Records contained in a dataset
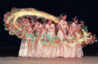 据悉,在刚开始的几年里,“云彩灯舞”的表演者仅有4个人,每人舞两盏灯,灯上绘有铁拐李、张果老、吕洞宾、蓝采和、韩湘子、何仙姑、曹国舅、汉钟离八位神仙。后来,在演出过程中,人们觉得彩灯太少,显得单调,整个表演气氛不够热烈。于是,在原来的基础上又增加了16盏灯,灯上分别彩绘梨山老母、孙膑、白猿、麻姑等人物图像。此后,又增加了一对代表阴阳昼夜的日、月灯。
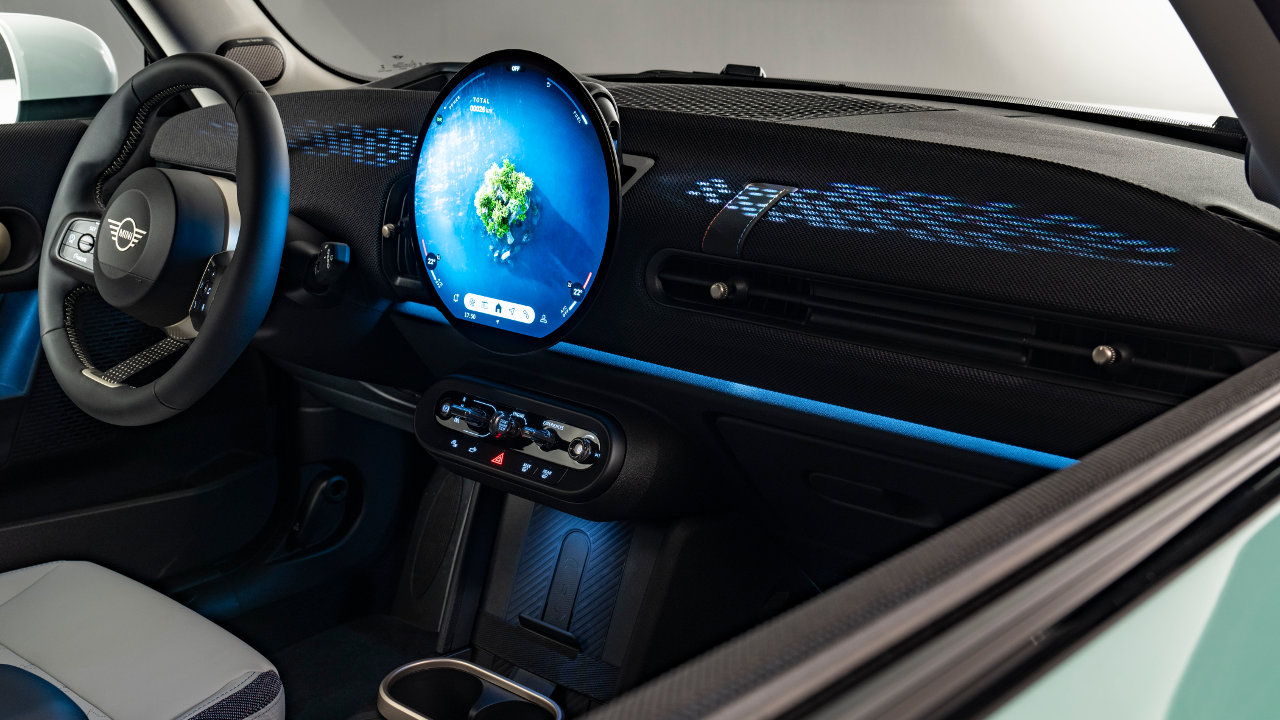 Παράλληλα, η μινιμαλιστική εσωτερική σχεδίαση του Cooper είναι εμπνευσμένη από το κλασικό Mini. Το νέο τιμόνι, η στρογγυλή οθόνη OLED, η γνώριμη μπάρα ΜΙΝΙ με τους διακόπτες δύο θέσεων και το ταμπλό με τη δίχρωμη υφασμάτινη επένδυση, δημιουργούν μια αίσθηση ευρυχωρίας στην καμπίνα. Οι καθαρές γραμμές είναι το σήμα κατατεθέν του μοντέρνου εσωτερικού, ενώ η πανοραμική γυάλινη οροφή συνεισφέρει σε μία φωτεινή και φιλική ατμόσφαιρα. Αναδιπλώνοντας το πίσω κάθισμα σε αναλογία 60:40, ο χώρος αποσκευών μπορεί να αυξηθεί ευέλικτα από τα 210 λίτρα σε έως και 800 λίτρα.
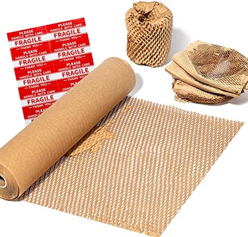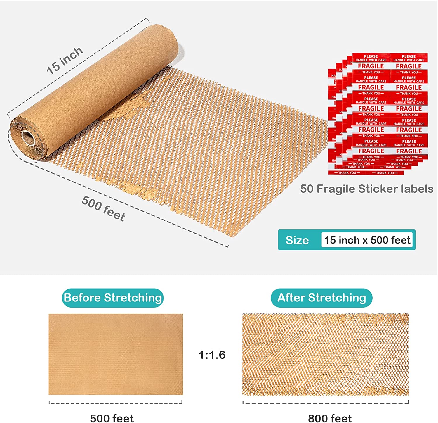 Honeycomb Packing Paper Size: 15 inch x 135 feet. Comes with 20 fragile sticker labels. Made of 54 lbs recyclable kraft paper. How it works: Strenthed honeycomb structure can get a protective padding, makes a better cushioning performance. Protect your items from breaking, such as dishes, glasses, crafts, frame, pictures, china, plates and cups, etc. Great for moving, shipping or wrapping breakables and delicate Items.
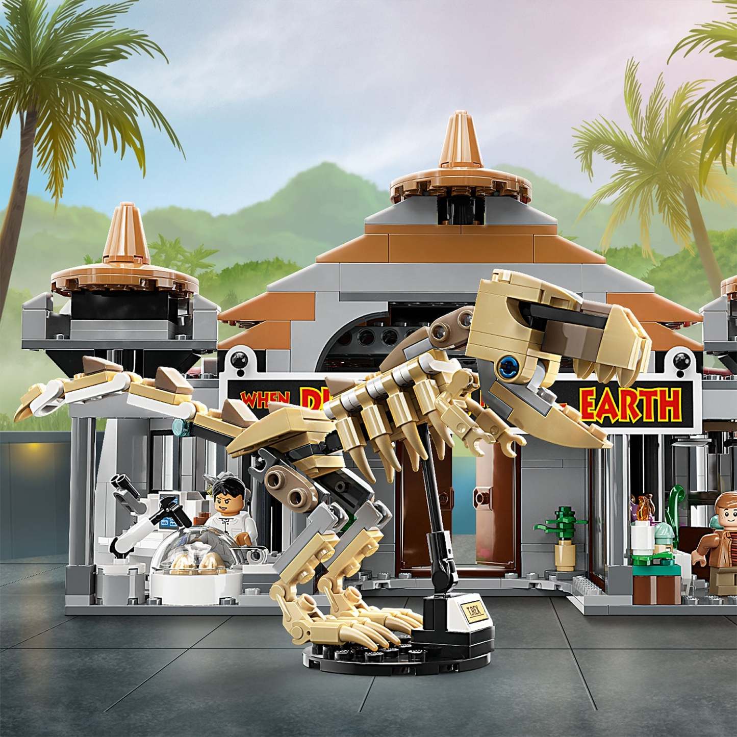 - Dinosaur building toy for play and display – Relive iconic Jurassic Park scenes with this authentically detailed LEGO® brick-built Visitor Center: T. rex & Raptor Attack (76961) set
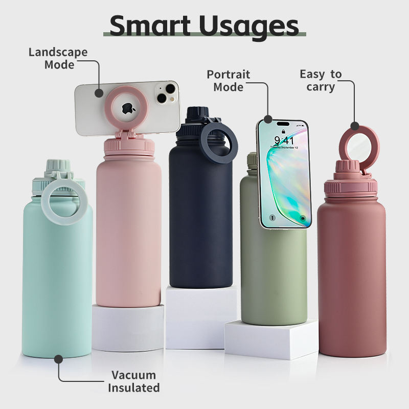กระติกน้ำสุญญากาศแบบกำหนดเอง 1 ลิตร 32 ออนซ์ ผนังสองชั้น สแตนเลสสตีล พร้อมที่ยึดโทรศัพท์แม่เหล็ก ปลอดสาร BPA ใช้กับน้ำเดือดได้
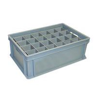 Separatori per bicchieri da inserire nei contenitori impilabili a norma europea Rako 3-208Z-0 o 3-201Z-0 a seconda dei modelli. I contenitori possono contenere fino a 40 bicchieri.
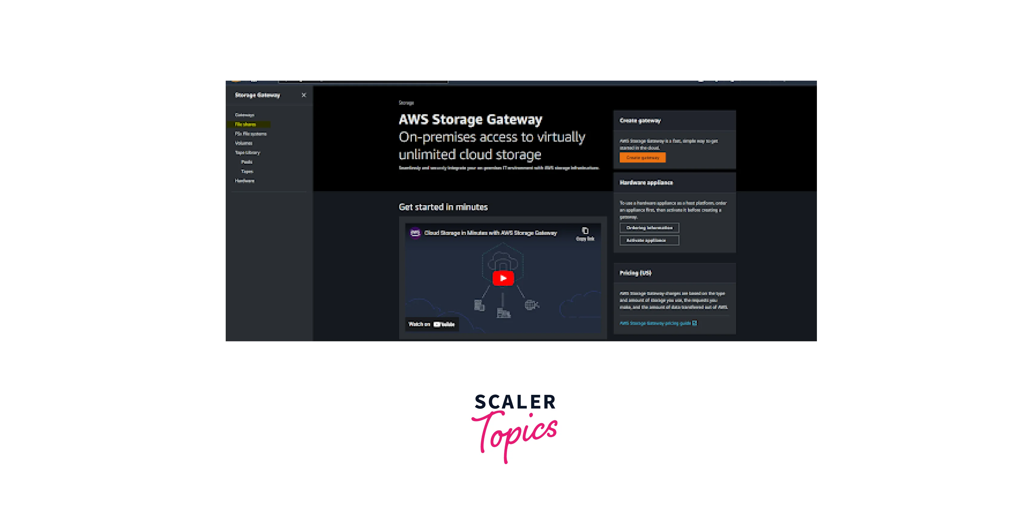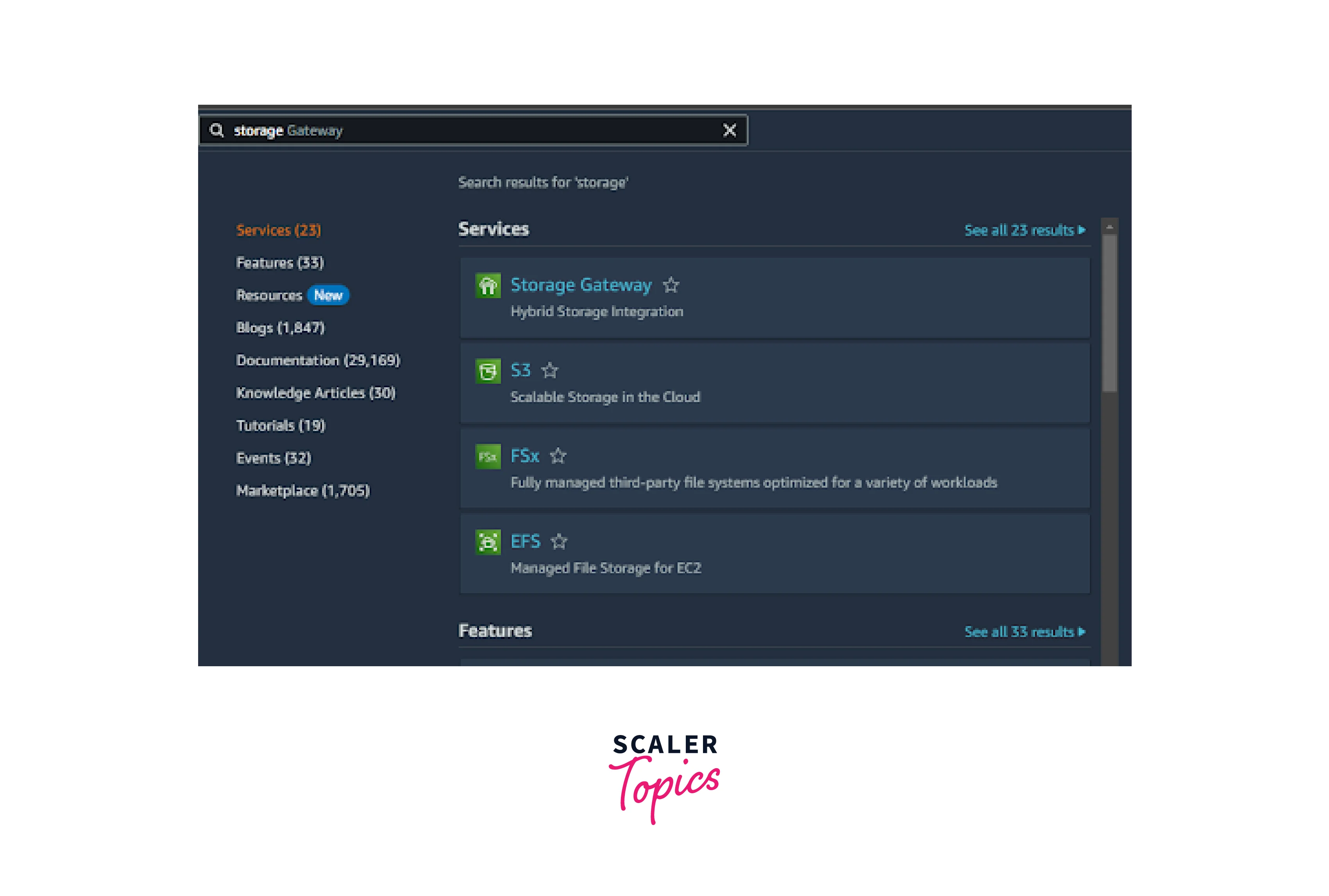 Step 1: Log in to the AWS management console, enter "storage gateway" in the search bar, and select Storage Gateway from the drop-down menu.
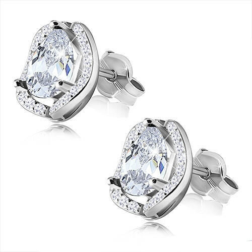 A 925 ezüst, ródiumos felületű fülbevaló, áttetsző cirkóniából álló könnycsepp alakban. A nagy cirkóniát egy három karmos foglalat tartja, és csillogó, áttetsző cirkónia szegély díszíti. Biztonságos viselését stekker tesz i lehetővé. Fülbevaló méretei: 12 x 14 mmFülbevaló súlya: 4,7 gFémjelzéssel ellátott. Az ár egy párra vonatkozik. A ródiummal kezelt fel

* _TASK OBJECTIVE_
Set down all the entries exactly as they appear, but skip any pictures.

* _REPLY TO THE EXERCISE_
 据悉,在刚开始的几年里,“云彩灯舞”的表演者仅有4个人,每人舞两盏灯,灯上绘有铁拐李、张果老、吕洞宾、蓝采和、韩湘子、何仙姑、曹国舅、汉钟离八位神仙。后来,在演出过程中,人们觉得彩灯太少,显得单调,整个表演气氛不够热烈。于是,在原来的基础上又增加了16盏灯,灯上分别彩绘梨山老母、孙膑、白猿、麻姑等人物图像。此后,又增加了一对代表阴阳昼夜的日、月灯。
 Παράλληλα, η μινιμαλιστική εσωτερική σχεδίαση του Cooper είναι εμπνευσμένη από το κλασικό Mini. Το νέο τιμόνι, η στρογγυλή οθόνη OLED, η γνώριμη μπάρα ΜΙΝΙ με τους διακόπτες δύο θέσεων και το ταμπλό με τη δίχρωμη υφασμάτινη επένδυση, δημιουργούν μια αίσθηση ευρυχωρίας στην καμπίνα. Οι καθαρές γραμμές είναι το σήμα κατατεθέν του μοντέρνου εσωτερικού, ενώ η πανοραμική γυάλινη οροφή συνεισφέρει σε μία φωτεινή και φιλική ατμόσφαιρα. Αναδιπλώνοντας το πίσω κάθισμα σε αναλογία 60:40, ο χώρος αποσκευών μπορεί να αυξηθεί ευέλικτα από τα 210 λίτρα σε έως και 800 λίτρα.
 Honeycomb Packing Paper Size: 15 inch x 135 feet. Comes with 20 fragile sticker labels. Made of 54 lbs recyclable kraft paper. How it works: Strenthed honeycomb structure can get a protective padding, makes a better cushioning performance. Protect your items from breaking, such as dishes, glasses, crafts, frame, pictures, china, plates and cups, etc. Great for moving, shipping or wrapping breakables and delicate Items.
 - Dinosaur building toy for play and display – Relive iconic Jurassic Park scenes with this authentically detailed LEGO® brick-built Visitor Center: T. rex & Raptor Attack (76961) set
กระติกน้ำสุญญากาศแบบกำหนดเอง 1 ลิตร 32 ออนซ์ ผนังสองชั้น สแตนเลสสตีล พร้อมที่ยึดโทรศัพท์แม่เหล็ก ปลอดสาร BPA ใช้กับน้ำเดือดได้
 Separatori per bicchieri da inserire nei contenitori impilabili a norma europea Rako 3-208Z-0 o 3-201Z-0 a seconda dei modelli. I contenitori possono contenere fino a 40 bicchieri.
 Step 1: Log in to the AWS management console, enter "storage gateway" in the search bar, and select Storage Gateway from the drop-down menu.
 A 925 ezüst, ródiumos felületű fülbevaló, áttetsző cirkóniából álló könnycsepp alakban. A nagy cirkóniát egy három karmos foglalat tartja, és csillogó, áttetsző cirkónia szegély díszíti. Biztonságos viselését stekker tesz i lehetővé. Fülbevaló méretei: 12 x 14 mmFülbevaló súlya: 4,7 gFémjelzéssel ellátott. Az ár egy párra vonatkozik. A ródiummal kezelt fel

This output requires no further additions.